Software with a Market of One
Two months ago, I needed a new personal website and decided to give codegen a spin. Friends pointed me to Cursor and, hours later, I had a markdown website on a shiny new domain. Had I known hours earlier that Github hosted websites? Nope. How about a bio-inspired art thing for the entrance animation? Bang. Unnecessary but useful annotations on my CV page? Letsss gooo. Suddenly, I realized I could easily build my own software, and that this was true for everyone else.
In college, I first encountered the steep learning curve of syntax, methods, and functions. My classmates, it appeared, had been coding since they were 12 and flew through our assignments. Thoroughly deflated, I focused on hardware for the rest of my career, leaving software to others.
Cursor lodged dynamite in programming’s steep learning curve and blew it up in a giant, joyous explosion. Never in my life have I gone so quickly from thought to useful thing. The world of code is no longer off limits to me.
After building my website, I realized that I was a single wildebeest in a stampede. Daily, I’m meeting folks coding for the first time, dusting off out of reach app ideas. We all realized, oh shit, we can build software now.
I’ve been calling this software with a market of one. To solve a problem. To make software more personal. To have fun. What an awesome opportunity for us to use AI to become creators instead of consumers.
Some of this software will be terrible at first.
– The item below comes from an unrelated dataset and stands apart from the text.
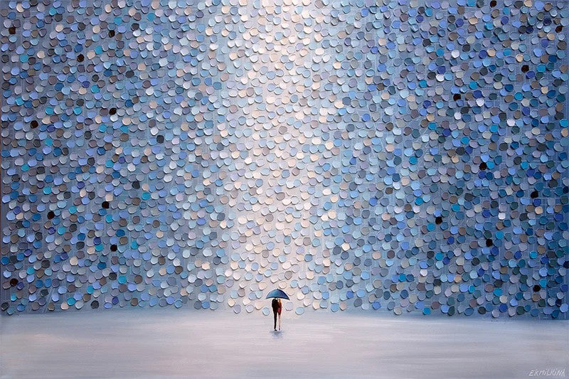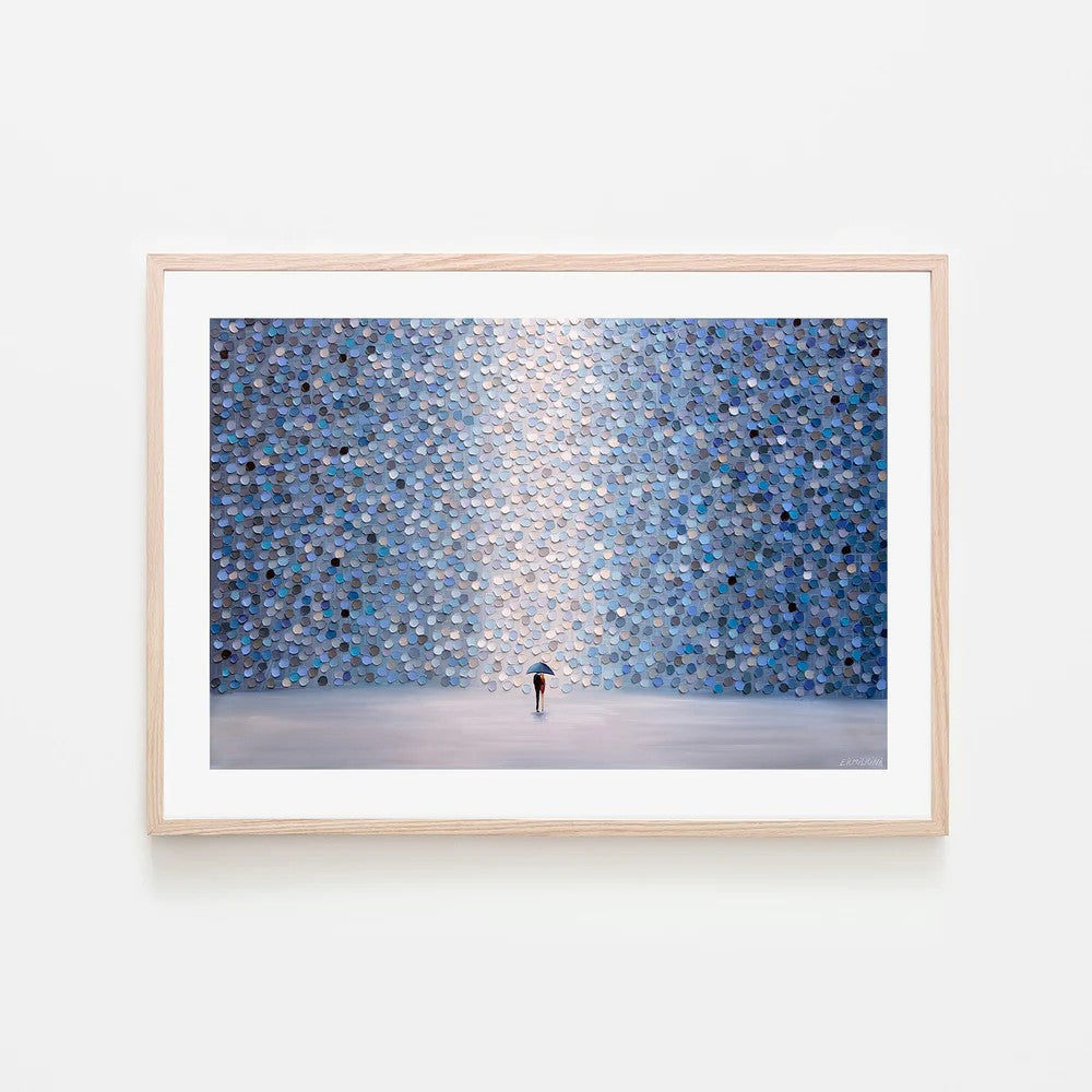 A solitary figure shelters beneath cascading blue circles in this romantic artwork by Ekaterina Ermilkina. Framed and ready to hang, it brings contemporary charm and intimate softness to any interior space.

I recently built a new app and it was bad. But building it gave me some new ideas that might actually be good. And, that little loop (idea -> it’s real! -> it sucks -> but it could be better!) can now happen very quickly, accelerating our ability to develop useful applications.
The first order impacts on tech seem clear. 25% of YC founders in the current batch said that 95% of their code base is generated by AI. Start-ups building software will have fewer people and need less capital. Products that serve TAMs too small for VCs, like software for life scientists, are much more likely to be built by small, bootstrapped teams. Start-ups are now distributing technology created by large companies by finding the niche industry applications. Software with programmatic interfaces, which I had always thought were quite strange, can suddenly be controlled by text or voice (example: Blender).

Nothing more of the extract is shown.